Ael smiled a bit and reversed the Sword so that its scabbard-chape grounded with a small, neat click against the deck. “A long tale for many evenings, my children. But not just now. Are the landing party up and safe?”
“All up, Commander,” Ejiul said, checking a readout for confirmation. “They came up by cargo elevator through the rear hangar-bay. Since we had landed, more or less, it was quicker than using the transporter.”
“Excellent.” Ael toggled the wall-mounted intercom and said, “Bridge, all secure. Lift ship.”
“Vectors on line, up and running.”
McCoy recognized the voice as that of Aidoann t’Khnialmnae, and wondered with a little shudder whether Nniol tr’AAnikh was aboard as well. There were thanks he had to make at second hand, and not waste too much time about doing it.
Then Aidoann’s voice came back sounding more concerned than before. “Commander, we have detected another beam-up from the Senate Chambers. This wasn’t anything to do with us.”
“Tr’Annhwi,” said McCoy to the air. He suddenly remembered that despite not wearing a weapon with his uniform—tr’Annhwi respected that tradition at least—the subcommander had been wearing an equipment belt. That meant a communicator. And that meant he could get back to Avenger, which if its captain was on-planet, had to be in orbit waiting for him.
“You know one of House s’Annhwi, Doctor?” asked Ael as she made for the door and the turbolift beyond. “Then my compliments on the quality of your enemies.”

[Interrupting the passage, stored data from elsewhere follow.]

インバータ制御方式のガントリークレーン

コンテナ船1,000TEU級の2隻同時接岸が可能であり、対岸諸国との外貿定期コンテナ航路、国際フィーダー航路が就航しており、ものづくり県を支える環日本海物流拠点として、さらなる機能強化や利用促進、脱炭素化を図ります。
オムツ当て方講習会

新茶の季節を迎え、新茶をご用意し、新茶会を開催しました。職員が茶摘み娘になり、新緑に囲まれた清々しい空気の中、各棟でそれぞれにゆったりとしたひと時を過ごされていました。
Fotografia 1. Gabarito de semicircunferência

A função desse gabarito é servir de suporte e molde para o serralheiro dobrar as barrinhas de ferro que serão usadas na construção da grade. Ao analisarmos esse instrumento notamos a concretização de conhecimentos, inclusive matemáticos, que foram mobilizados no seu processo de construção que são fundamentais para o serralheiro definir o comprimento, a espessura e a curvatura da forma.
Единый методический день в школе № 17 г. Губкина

If he had thought the transporter room was cramped, that was nothing to being inside a turbolift with a Rihannsu commander and a noticeably oversized Horta. Getting out onto Bloodwing’s little bridge was almost a relief—though once Naraht rumbled after them, the situation became much as before. N
obody looked up to stare, even though the news of their arrival with the Sword had probably run through the ship in the few seconds that they were in the lift, and nobody moved from their seat while their commander was on the bridge. Or almost nobody.

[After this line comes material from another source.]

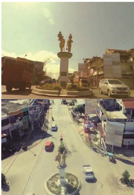
Gambar 3.1. Scene Pembukaan Video

Tempat/Lokasi berada di Tugu panen/tugu tani Kab. Sidrap. Kabupaten Sidenreng Rappang sering disingkat dengan nama Sidrap. Kabupaten Sidenreng rapping memiliki jam kota, orang biasa menyebutnya dengan tugu panen/tugu tani. Untuk mendatangi daerah ini dibutuhkan waktu tempuh kurang lebih 4 jam dari kota Makassar Kabupaten Sidenreng Rappang merupakan salah satu sentra penghasil beras di provinsi Sulawesi Selatan. Kabupaten ini memiliki wisata terbaru yaitu taman wisata Puncak Bila Riase' Kabupaten Sidrap. Pengambilan pada opening menggunakan time lapse, pan left dan pan right. Dan juga pengambilan dari udara menggunakan Drone.
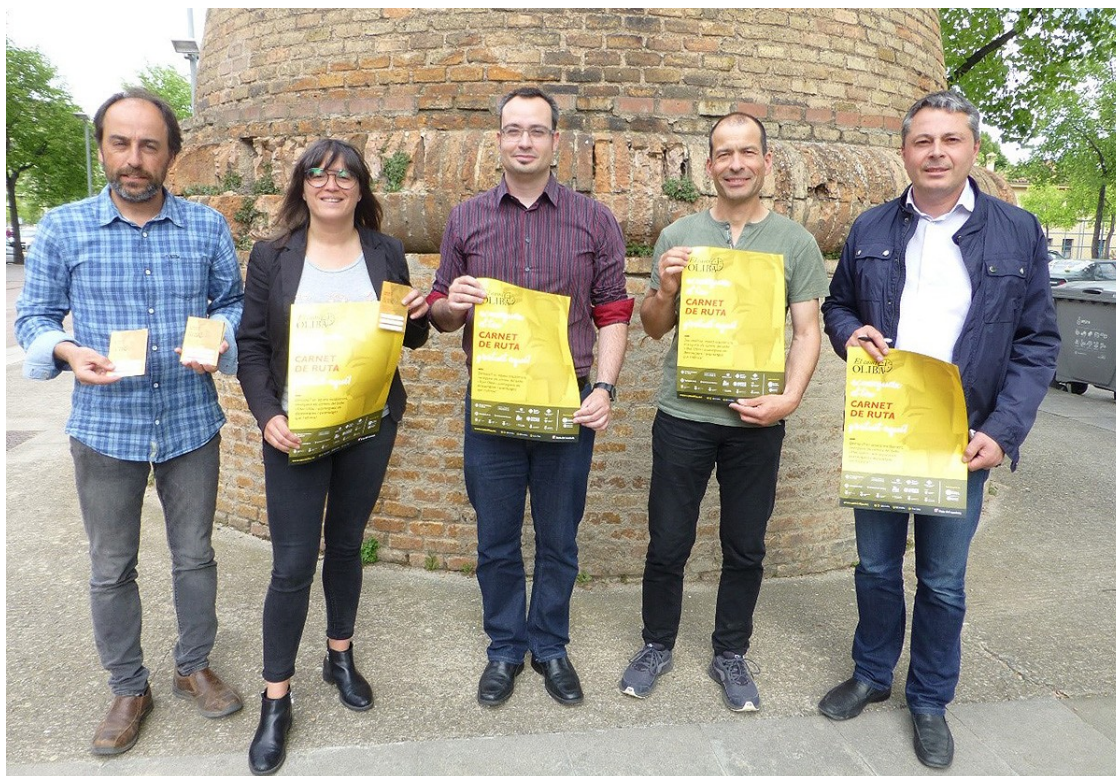
Presentació del carnet del Camí Oliba | Consell Comarcal del Ripollès

El distintiu permetrà disposar de beneficis i descomptes en equipaments públics, allotjaments, restaurants i altres serveis

None of Ael’s people wore Rihannsu Fleet uniform now, even though they were still dressed in a distinctly military style, but the young man who kick-swiveled his station chair around and then left it in a single springy bounce wore neither Romulan nor makeshift. He was Terran-human, in a Federation Starfleet command uniform, and he was grinning as he reached out to shake the doctor’s hand.

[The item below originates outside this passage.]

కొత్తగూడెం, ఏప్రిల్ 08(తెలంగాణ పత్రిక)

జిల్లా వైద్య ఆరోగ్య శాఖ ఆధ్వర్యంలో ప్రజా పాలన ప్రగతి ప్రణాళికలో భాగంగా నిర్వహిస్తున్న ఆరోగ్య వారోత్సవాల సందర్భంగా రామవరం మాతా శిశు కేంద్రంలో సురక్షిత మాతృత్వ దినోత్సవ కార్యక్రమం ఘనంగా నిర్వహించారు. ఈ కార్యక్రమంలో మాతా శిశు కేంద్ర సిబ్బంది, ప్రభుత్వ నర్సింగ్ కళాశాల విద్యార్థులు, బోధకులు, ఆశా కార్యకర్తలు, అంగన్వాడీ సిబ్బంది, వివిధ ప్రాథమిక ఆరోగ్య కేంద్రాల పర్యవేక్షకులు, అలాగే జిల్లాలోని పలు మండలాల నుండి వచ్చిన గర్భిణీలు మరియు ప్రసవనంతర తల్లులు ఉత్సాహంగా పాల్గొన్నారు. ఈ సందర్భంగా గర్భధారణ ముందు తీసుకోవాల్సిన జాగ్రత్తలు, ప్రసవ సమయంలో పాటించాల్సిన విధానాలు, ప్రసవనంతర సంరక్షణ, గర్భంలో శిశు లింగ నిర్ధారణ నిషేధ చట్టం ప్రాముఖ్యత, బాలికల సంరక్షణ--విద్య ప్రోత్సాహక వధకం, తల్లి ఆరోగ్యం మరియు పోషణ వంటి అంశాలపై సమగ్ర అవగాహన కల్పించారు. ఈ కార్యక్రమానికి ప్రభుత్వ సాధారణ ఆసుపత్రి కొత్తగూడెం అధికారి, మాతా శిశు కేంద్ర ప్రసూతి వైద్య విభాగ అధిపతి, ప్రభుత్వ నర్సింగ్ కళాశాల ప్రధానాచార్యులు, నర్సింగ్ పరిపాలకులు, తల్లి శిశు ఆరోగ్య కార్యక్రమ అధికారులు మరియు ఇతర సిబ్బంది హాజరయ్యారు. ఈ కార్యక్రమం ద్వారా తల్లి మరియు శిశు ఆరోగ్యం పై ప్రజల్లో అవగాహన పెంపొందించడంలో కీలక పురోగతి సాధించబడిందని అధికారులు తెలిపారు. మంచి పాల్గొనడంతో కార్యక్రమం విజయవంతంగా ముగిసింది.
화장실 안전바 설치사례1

“Well, Dr. McCoy!” he said, shaking as vigorously as someone priming an old-style water pump, “I’m glad to see you’re not dead yet!” And grinned even wider as McCoy gaped in confusion. This was an elaboration he hadn’t expected. “Luks, sir. Ensign Ron Luks, of Starfleet Intelligence.”
“Ah.” Everything became suddenly clear. “So Admiral Perry sent you to hold the old man’s hand. On the wrist, or off it?”
Luks stopping shaking hands and went a little pink. Then he grinned again. “I acted as courier for the access codes on our side of the Neutral Zone, sir—and I was hoping to see some action,” he said, “but so far it’s just been a flitter-ride.”
“A very long flitter-ride,” said Ael, sitting down in her Command chair. “Or perhaps it only seemed that way. Starfleet’s ensigns, Doctor, seem to vie with one another in the display of enthusiasm. But I think we’ve found the action that you wanted so badly. Tactical.” Schematics came up on the main screen, showing their position near the surface of ch’Rihan and that of Avenger in a high geosynchronous orbit.